Los veranos los pasaban en Cáceres, la tierra de Tomás, en un pueblo ya metido en la sierra donde tenían, en las afueras, una casona de piedra rodeada por un enorme huerto con alberca, acequias de riego y hasta un sembrado de almendros en la parte trasera. Marta siempre reservaba unos días de sus vacaciones para pasarlos con ellos. Le gustaba la tranquilidad que se respiraba allí, el murmullo del agua al correr por la acequia, que era, cuando no estaban alborotando sus sobrinos, el único sonido que turbaba el silencio. Dentro de la casa no se podía estar sin una chaqueta, ni siquiera a mediodía, y para dormir necesitaba arroparse con un grueso edredón. Su madre pasaba las horas muertas sentada en una mecedora bajo el pequeño pórtico que había a la entrada, recibiendo el sol en los pies y con la mirada perdida. Solo la movían para darle de comer, para llevarla al servicio y para acostarla. Marta observaba con tristeza su figura de pajarito, las manos temblorosas, que se frotaba continuamente, y su pelo completamente blanco.

Se murió uno de aquellos veranos, cuando los días de vacaciones en el pueblo estaban a punto de terminar. Marta no sabe exactamente qué provocó su fallecimiento, en todo caso algo muy leve que su delicada fragilidad no pudo superar. Recuerda, en cambio, que estaba sentada en un banco bajo los almendros, leyendo un ejemplar de Rimas y leyendas, cuando Consuelo fue a buscarla y le dijo, con mucha calma: «Ven a ayudarme que mamá se ha muerto». Entre las dos la metieron en la bañera, para asearla, y después la tumbaron en la cama para vestirla y adecentarla. Recuerda también que su madre se había quedado rígida y que fueron incapaces de conseguir estirarle las piernas, por lo que hubieron de meterla en el ataúd de lado, con las rodillas dobladas. Decidieron enterrarla en aquel pueblo, extraño para su madre, pero ninguna de las hermanas era una romántica y no tuvieron ánimo para afrontar los trámites que implicaba el traslado del cadáver.

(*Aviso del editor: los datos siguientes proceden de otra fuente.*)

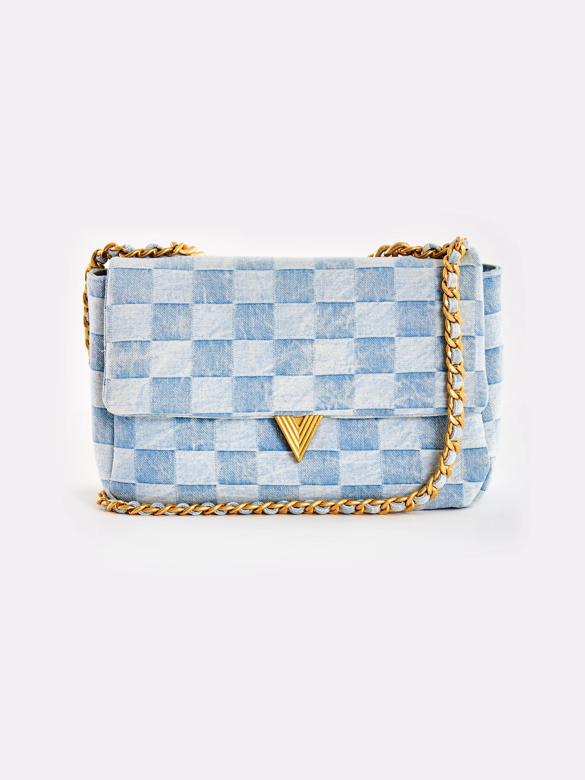 Borsa Dama a tracolla in denim. Chiusura a pattina con bottone a pressione con calamita. Dettaglio fibbia V metal plate Vicolo. Tracolla con catena fissa con tessuto denim passante. Manico fisso con catena groumetta. La borsa può essere indossata sia come borsa a spalla che come borsa a mano. Dettaglio finiture color oro. Tasca interna con cerniera e taschina piatta. Tessuto denim a scacchi.

En el entierro solo estuvieron presentes ellas dos porque en el pueblo nadie la conocía, Tomás se había quedado en casa con los niños y a los demás parientes no quisieron estropearles las vacaciones. Acompañaron al coche fúnebre hasta el camposanto y se esperaron un rato, en silencio y cogidas de la mano, hasta que el nicho estuvo tapiado.

El cadáver de su madre fue el primero que tocó Marta y el recuerdo de su tacto frío y cerúleo aún le escama la piel.